Daraxonrasib inhibits the mutated KRAS protein directly, halting downstream signals that promote cell proliferation. Afatinib blocks upstream signals from EGFR family receptors, which can reactivate KRAS pathways. SD36 degrades STAT3, an orthogonal protein that supports tumor survival independently of KRAS. Together, this triad induces tumor cell senescence—a state of permanent growth arrest—leading to immune-mediated clearance without relapse.

In experiments, genetic models mimicking the therapy eradicated orthotopic PDAC tumors induced by KRAS and TP53 mutations in mice. The drug combination achieved full regression in three models: orthotopic transplants, genetically engineered mice, and patient-derived xenografts. No tumors recurred over 200 days post-treatment, with minimal side effects like mild weight loss or skin irritation.

Implications are profound for PDAC patients, who face limited options beyond surgery, chemotherapy and radiation. Only about 20% qualify for surgery at diagnosis, and even then, recurrence is common. The therapy could pave the way for human clinical trials, potentially improving outcomes for a cancer with stagnant survival rates despite advances in other oncology fields.

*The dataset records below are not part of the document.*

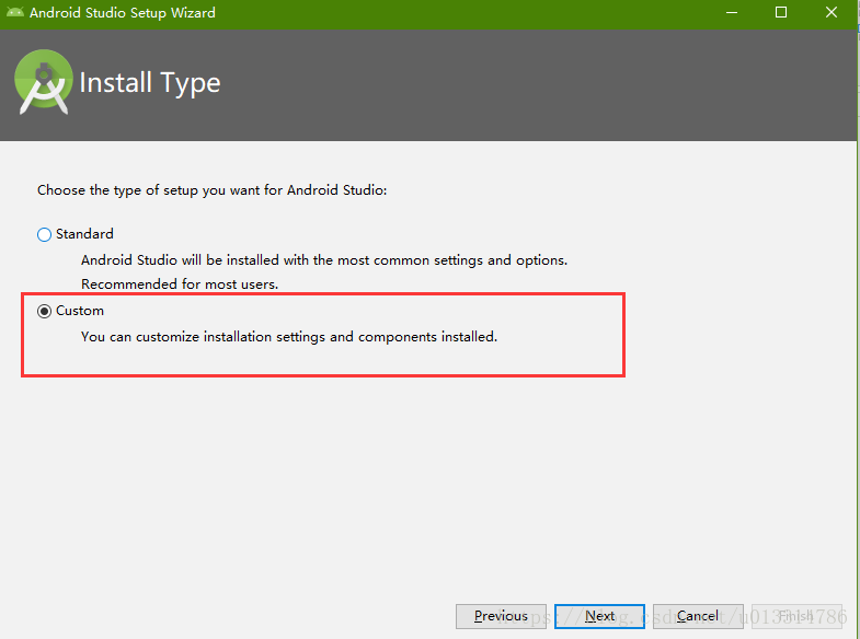 注意:接下来一路Next,到了选择SDK的页面注意一下选择Custom,这样可以只安装自己喜欢的部分,接下来选择主题,当然这个以后可以在Android Studio里边改
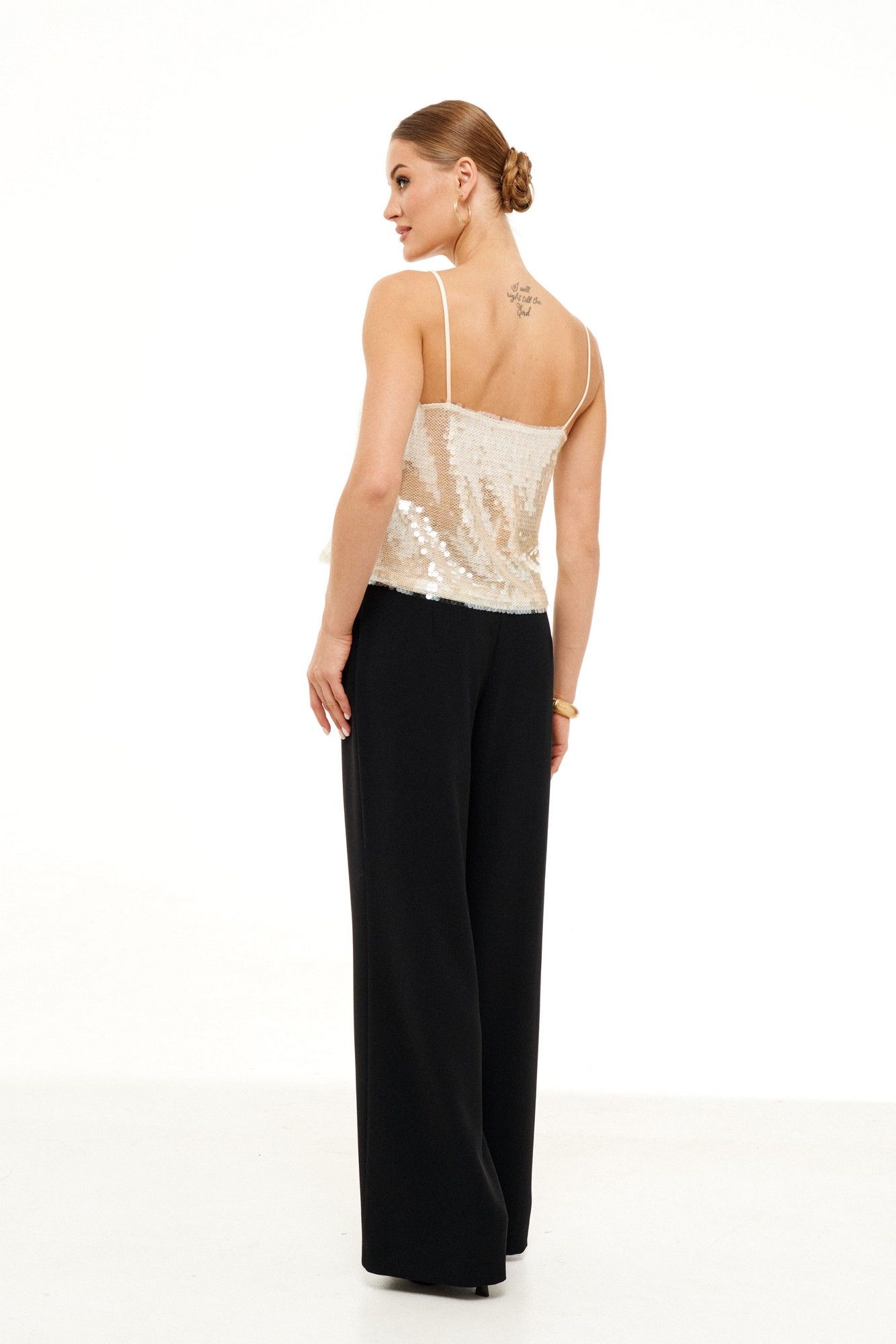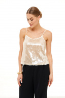 Топ из пайеток полуприлегающего силуэта на подкладе. Бретели не регулируются.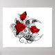 Contour, mechanical crescent moon with gears, decorated with red roses with black spiked stems and leaves on white background. Steampunk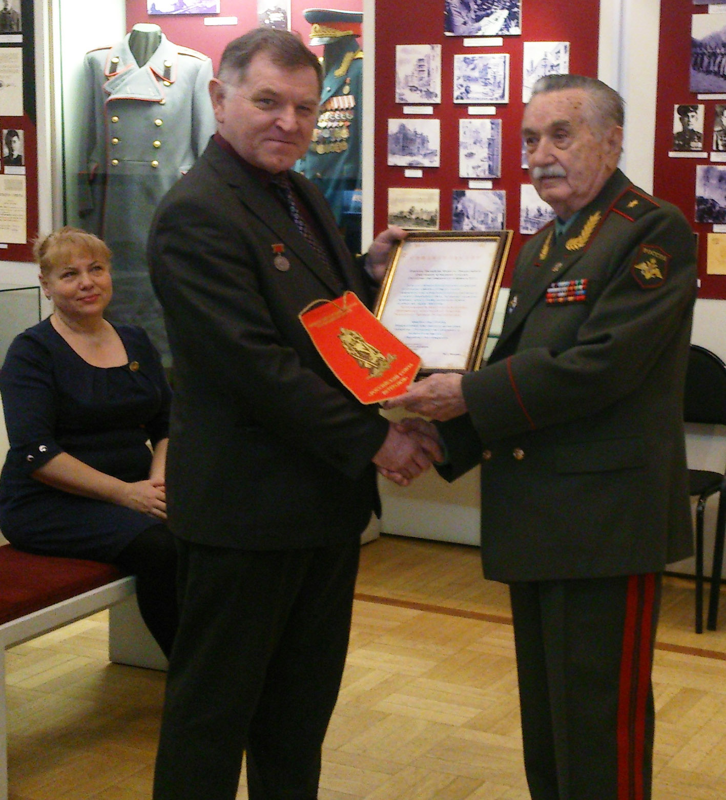 Вручил свидетельство председатель Республиканской общественной организации ветеранов (инвалидов) «Союз ветеранов Республики Татарстан» генерал-майор в отставке Ахат Гайнуллович Юлашев.

Experts caution that mouse models don’t always translate to humans, but the results build on emerging KRAS-targeted drugs.

“These findings should guide the development of new clinical trials that may benefit PDAC patients,” the study concluded.

The research was funded by multiple sources, including the CRIS Cancer Foundation, the European Research Council, Spain’s Agencia Estatal de Investigación (co-funded by the European Regional Development Fund), the European Union’s NextGenerationEU program, CIBERONC, the Instituto de Salud Carlos III, the Italian Cancer Research Association, and others. Barbacid holds an endowed chair from the AXA Research Fund.